Investment Growth Calculator
Project investment growth with compound interest and monthly contributions.
Enter starting balance, annual return, and years to see future value.
FV = PV(1+r)^n + PMT × [((1+r)^n - 1) / r]
This is the future value formula with regular contributions, the standard equation for projecting investment growth over time with compound interest.
What each variable means:
- FV – Future Value, the total amount your investment will be worth
- PV – Present Value, your initial lump-sum investment
- r – the periodic interest rate (annual rate divided by 12 for monthly compounding)
- n – total number of compounding periods (years multiplied by 12)

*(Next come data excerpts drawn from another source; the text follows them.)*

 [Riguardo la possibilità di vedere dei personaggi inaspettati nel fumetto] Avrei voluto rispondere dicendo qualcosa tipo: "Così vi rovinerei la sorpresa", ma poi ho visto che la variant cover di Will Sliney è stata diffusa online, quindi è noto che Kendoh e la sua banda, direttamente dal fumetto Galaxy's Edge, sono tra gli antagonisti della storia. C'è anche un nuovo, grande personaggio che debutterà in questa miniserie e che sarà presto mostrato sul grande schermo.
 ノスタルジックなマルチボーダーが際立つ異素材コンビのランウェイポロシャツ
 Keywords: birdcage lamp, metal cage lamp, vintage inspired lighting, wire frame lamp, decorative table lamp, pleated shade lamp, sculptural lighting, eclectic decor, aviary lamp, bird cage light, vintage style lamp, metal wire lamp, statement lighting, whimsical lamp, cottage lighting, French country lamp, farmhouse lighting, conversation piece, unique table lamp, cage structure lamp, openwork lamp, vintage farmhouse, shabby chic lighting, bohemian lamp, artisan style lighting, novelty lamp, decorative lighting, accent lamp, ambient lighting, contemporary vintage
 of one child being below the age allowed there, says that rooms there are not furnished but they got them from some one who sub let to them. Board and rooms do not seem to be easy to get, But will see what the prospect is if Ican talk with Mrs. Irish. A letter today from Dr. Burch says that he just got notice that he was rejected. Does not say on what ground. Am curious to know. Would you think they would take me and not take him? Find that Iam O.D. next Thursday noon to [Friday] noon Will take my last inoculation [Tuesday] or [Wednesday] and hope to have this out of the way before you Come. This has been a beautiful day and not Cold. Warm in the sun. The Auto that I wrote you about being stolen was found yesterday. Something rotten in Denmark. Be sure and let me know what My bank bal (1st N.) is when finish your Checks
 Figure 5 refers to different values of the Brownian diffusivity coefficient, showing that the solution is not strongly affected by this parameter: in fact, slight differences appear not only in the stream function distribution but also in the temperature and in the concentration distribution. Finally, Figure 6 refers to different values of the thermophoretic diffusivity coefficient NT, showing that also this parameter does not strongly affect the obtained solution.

- PMT – your regular monthly contribution
When to use this calculator: Use it to project how your savings or investments will grow over time. It is ideal for retirement planning, education funds, or any long-term savings goal where you make regular contributions.
Practical example: You invest $10,000 today and add $500 per month at 7% annual return for 20 years. Your total contributions would be $130,000, but compound interest grows your balance to approximately $270,000. That means you earned roughly $140,000 in interest alone – more than your contributions.
Tips:
- The stock market has historically returned about 7-10% annually over long periods, but returns are never guaranteed.
- Even small monthly contributions add up dramatically over decades thanks to compounding.
- Starting 5 years earlier can make a bigger difference than contributing more money later.
- The calculator separates your total contributions from interest earned so you can see how much compounding contributed.